Charlie Savala
- Born: Charlie Savala 21 April 2000 (age 26) Sydney, Australia
- Height: 1.93 m (6 ft 4 in)
- Weight: 96 kg (15 st 2 lb)
- Notable relative: Hugo Savala (brother)

Rugby union career
- Position(s): Fly-half, Centre

Senior career
- Years: Team / Apps / (Points)
- 2021–23: Edinburgh Rugby / 33 / (40)
- 2023–25: Northampton Saints / 17 / (23)
- 2025–: Glasgow Warriors

= Charlie Savala =

Australian rugby union player

Charlie Savala (born 21 April 2000) is an Australian rugby union player who currently plays for Glasgow Warriors. He previously played for Edinburgh Rugby and Northampton Saints.

==Rugby Union career==

===Professional career===

He joined Edinburgh Rugby in October 2020. He made his debut in Round 16 of the 2020–21 Pro14 season against .

On 10 November 2023, Savala was originally signed on a season-long loan deal to join English side Northampton Saints in the Premiership Rugby competition. However, it became a permanent deal for Savala to remain with Northampton from the 2024–25 season.

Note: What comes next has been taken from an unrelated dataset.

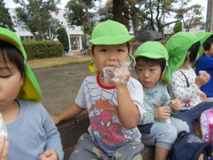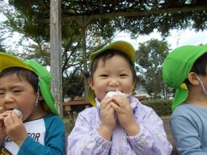 たくさん遊んだ後はみんなでおにぎりを食べました。

On 10 May 2025 it was announced that he had signed for Glasgow Warriors for the 2025–26 season. Savala stated of the move:

Glasgow have always been a team that like to attack, no matter when the opportunity arises, and that's a philosophy that really excites me and aligns with how I like to play the game. I pride myself on being able to fill whatever role the team requires of me and I want to do my bit to help this team succeed.

I’ve had a few run-outs at Scotstoun with Edinburgh and Northampton, so I know how much of a fortress the boys have made it – I can't wait to run out with the Warrior Nation on my side this time!

===International career===

In March 2023, Savala was called up to the Scotland international squad for the final round of the Six Nations Championship.

==Rugby League career==

Savala originally played Rugby league, playing for the academy of the Sydney Roosters side.